Der Teich wird ca. 5x5 Meter ( muss ich mal mit einer Schnurr nachlegen)

Die Palme werde ich ausgraben und später wieder in der Nähe des Teiches pflanzen.

Der Tannenbaum wird wahrscheinlich ganz entfernt, denn seine Wurzeln machen mir Sorgen.

hier nun die Bilder:

http://home.arcor.de/sinusgeneration/dsc00137.jpg

http://home.arcor.de/sinusgeneration/dsc00140.jpg

http://home.arcor.de/sinusgeneration/dsc00136.jpg

Das Becken wollte ich Ursprünglich als Teich nutzen.

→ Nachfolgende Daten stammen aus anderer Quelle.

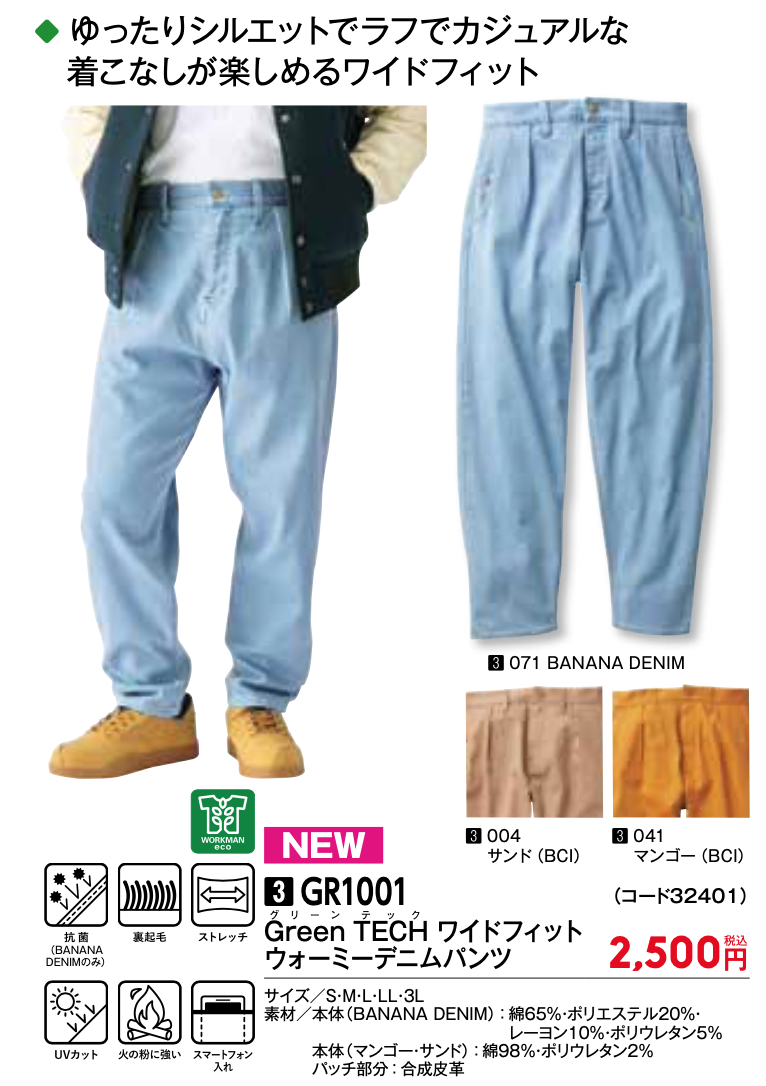 ワークマン×山田耕史共同開発「グリーンテック ワイドフィットウォーミーデニムパンツ」です。
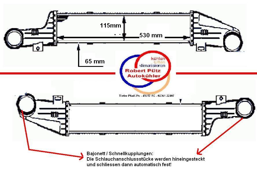 Siehe unbedingt Bild! Bei diesem LLK sind die Schlauchanschlüsse sogenannte Schnellkupplungen / Bajonettverschlüsse versehen. |
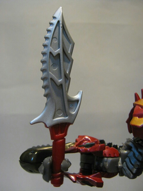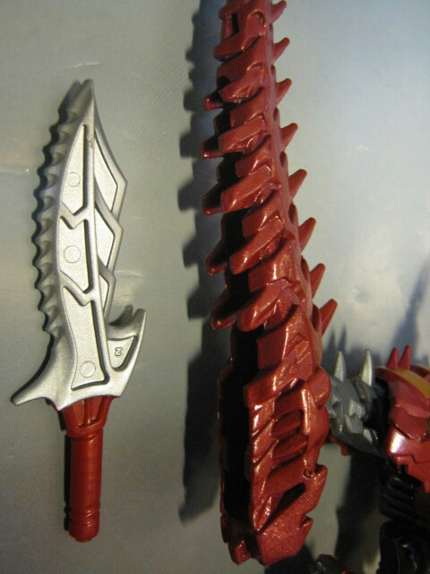 尻尾の中には手持ち武器のナイフが内蔵されており、取り出して右手に持たせる事ができます。変形時以外にもこういったギミックがあるのは嬉しいですね。国内版なので刃が銀で塗装されています。
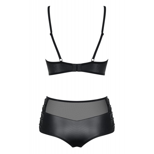 В комплект входят бюстгальтер и трусики-шортики с завышенной талией.
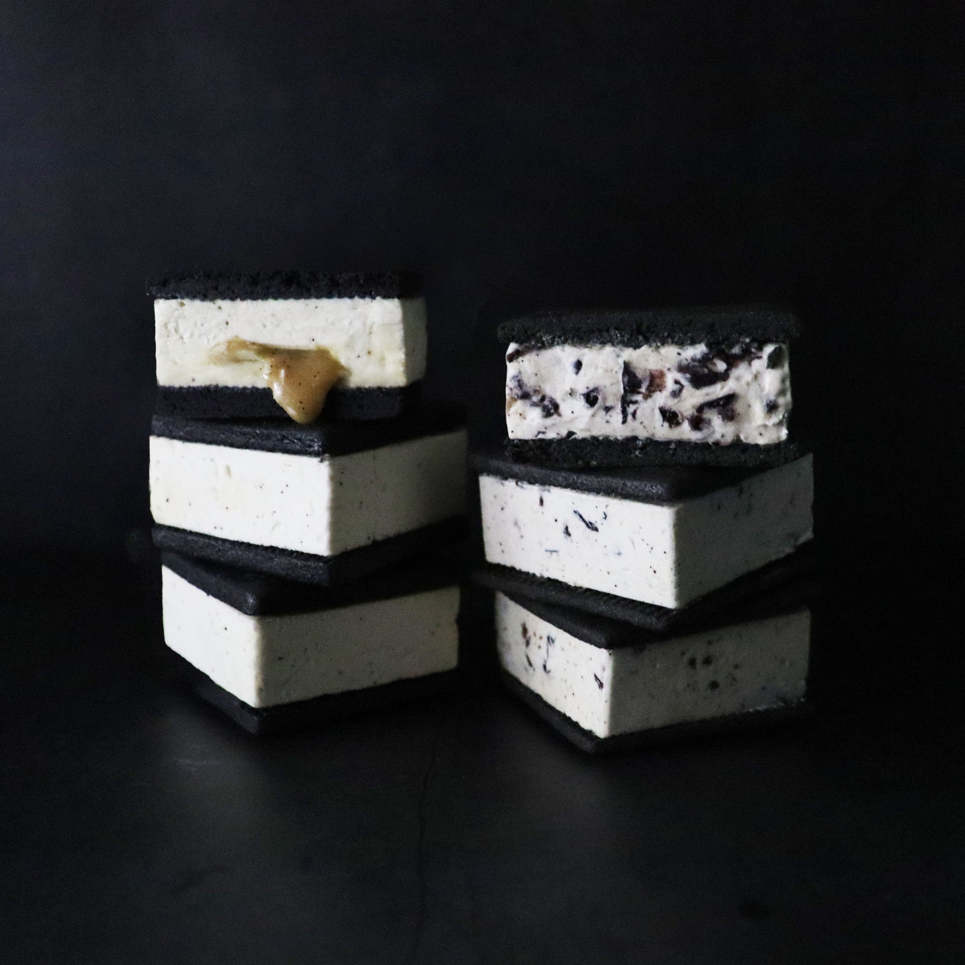 竹炭を練り込んだサブレでバタークリームをサンドしています。

Der Teich soll ein Natur Teich werden, alle Pflanzen und Steine werden aus der Umgebung stammen. Aber ehrlich gesagt bin ich mir nicht sicher, welche Fische ich einsetzen soll. Koi s brauchen viel pflege, die ich ihnen in einem Garten ohne Strom und fließend Wasser nicht bieten kann. Wie sieht es generell aus mit der Pflege in so einem Natur Teich? Ist das überhaupt ohne Konsequenzen machbar, sozusagen Pflanzen als Filter nehmen? Frisches Wasser wird der Teich genügend bekommen über 2 Dachrinnen an der Gartenhütte dessen Dach 35m² hat  Ich möchte den Teich recht flach halten und trotzdem tief, das heißt bei einer Tiefe von einem 1m und 1m Bodenfläche (Quadrat) bei einem Steigungswinkel von 25°hätte ich 2m Steigung auf jeder Seite. Kann man sich das Vorstellen? Hoffentlich sieht das ein bisschen natürlich aus und der Kies rutscht nicht runter.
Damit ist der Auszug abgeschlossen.